The authors of the overall analysis found that the occurrence of SAEs over time was similar for patients in both studies regardless of whether they were allocated to PPI or ARS therapy. Moreover, the actual incidence of SAEs involving the gastrointestinal tract was quite low. For example, in the twelve-year study, only 2.6% of individuals on the medication reported abdominal pain and 1.3% experienced a gastrointestinal haemorrhage. In comparison, 5.6% of individuals who received surgery had abdominal pain while 2.1% incurred a gastrointestinal haemorrhage. Additionally, the authors noted that neither study demonstrated any difference in the occurrence of infections between PPI users and those who underwent surgery. This research suggests that gut (enteric) infections occurring in those taking the inhibitors could be due to comorbidities or the use of antibiotics, which can disrupt the normal gut bacteria.

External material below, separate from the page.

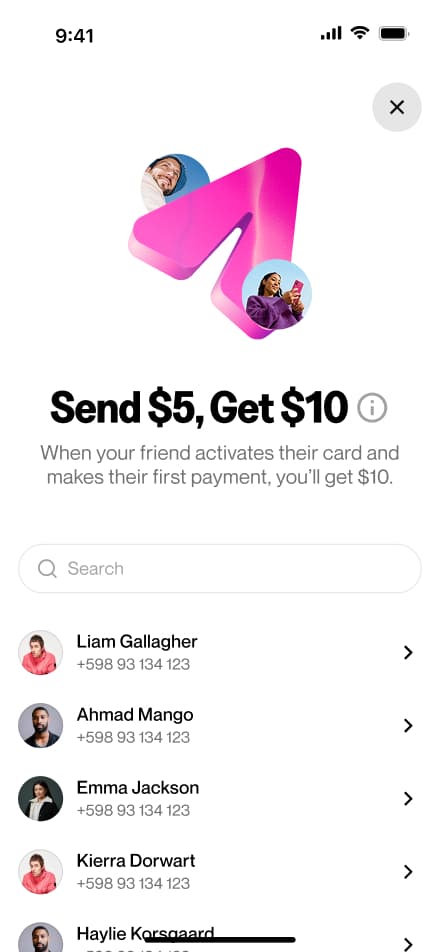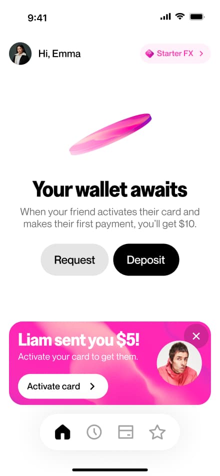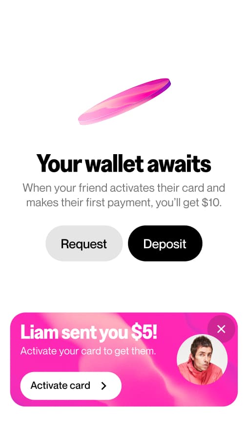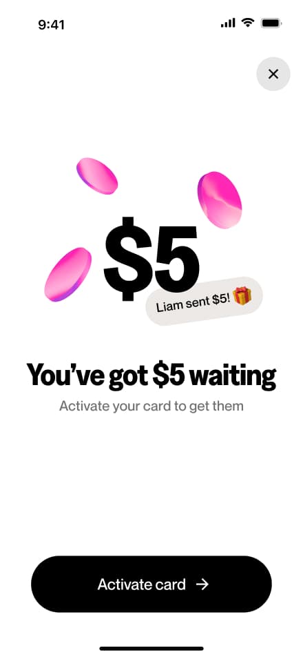 7 screensThe Get $5 flow is the invite recipient's side of the referral experience. Upon completing onboarding, users are notified that $5 is waiting for them as a welcome reward, and that they must activate their virtual card to claim it.

In short, research suggests that long-term PPI use is safe and does not result in any more adverse events than would occur without PPI use. While the Canadian researchers’ observations of microbiome changes as a result of long-term PPI usage are interesting and warrant further research, they do not link this treatment with increased risk of enteric infections. For now, it seems that while PPI use might alter the microbiome in some ways, it does not necessarily inhibit it.